2) Venom by Rick Remender
This is probably the most likely comic on the list to get green-lit given Sony’s promises that The Amazing Spider-Man 2 will be a universe building film akin to The Avengers, with Venom playing an important part. In the comics there have been many different characters to call themselves Venom, but writer Rick Remender’s more recent take is by far the most interesting. If you’ve ever wondered why superheroes wear masks, this is the reason. After losing his legs in Iraq, Flash Thompson is given the Venom suit, a symbiotic life form that, while worn, regrows his legs and gives him Spider-Man like powers. Early into his superhero career though, his identity is discovered by the comic’s villains, who happily tell him the lives of those he cares about are completely dependent on his working for them.
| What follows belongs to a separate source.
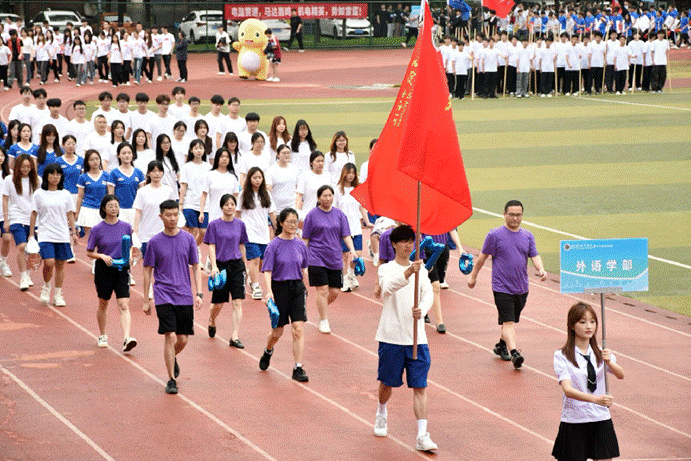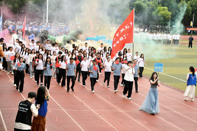 学校校长陈建勋,党委书记肖军,副校长赵光红,以及各职能部门、各学部领导悉数到场,与全体师生齐聚田径场,共享开幕盛举。开幕式由副校长、党委副书记、纪委书记李相朋主持,他以铿锵有力的话语,为这场凝聚青春力量、展现竞技风采的盛会拉开了序幕。

Between that, his father dying, dealing with his handicap, his girlfriend demanding to know what’s going on and the Venom symbiotic trying to take over, Flash’s life is quickly pulled apart from all directions. As he becomes more and more alone and killing becomes easier, you can see Flash’s humanity slowly getting away from him. It’s an impossible situation for a tragic hero that could very likely be a spin-off movie vastly more interesting than the original.
1) Preacher by Garth Ennis
“You be a good guy, Jesse. You gotta be like John Wayne: you don’t take no shit off fools, an’ you judge people by what’s in ’em, not how they look. An’ you do the right thing. You gotta be one of the good guys, son, ’cause there’s way too many of the bad.”
I dare you to read Preacher and not want to be Jesse Custer. I love stories about conflicted and complex antiheroes as much as the next guy, but sometimes there is nothing better than watching a man who knows wrong from right walk into a room tell everyone how it’s gonna be. After being possessed by a creature called Genesis and learning that God has left heaven, small town preacher Jesse Custer, love of his life Tulip O’Hare and alcoholic Vampire Cassidy, set off on a journey around America to track down their creator. This is an epic story with angels, demons, big shootouts, secret societies and giant concepts, but none of that really matters all that much. More than anything, this is a story about three people and all the love and heartache between them. Few comics, if any, have managed create a romance as believable or powerful as Jesse and Tulips, nor a friendship as meaningful as his and Cassidy’s. Which is why it absolutely tears your heart out when things fall apart. It’s also bursting with Irish writer Garth Ennis’ unwavering love for America. Ennis takes Jesse on a romanticized journey through the USA’s history and geography, climaxing in the series’ final showdown at the Alamo. The film rights to Preacher have been bouncing around Hollywood for 15 years now, most recently with Sam Mendes attached to direct before he dropped it to work on Skyfall. Hopefully though we will eventually see someone else rise to the task and bring the greatest love story in comics to the big screen.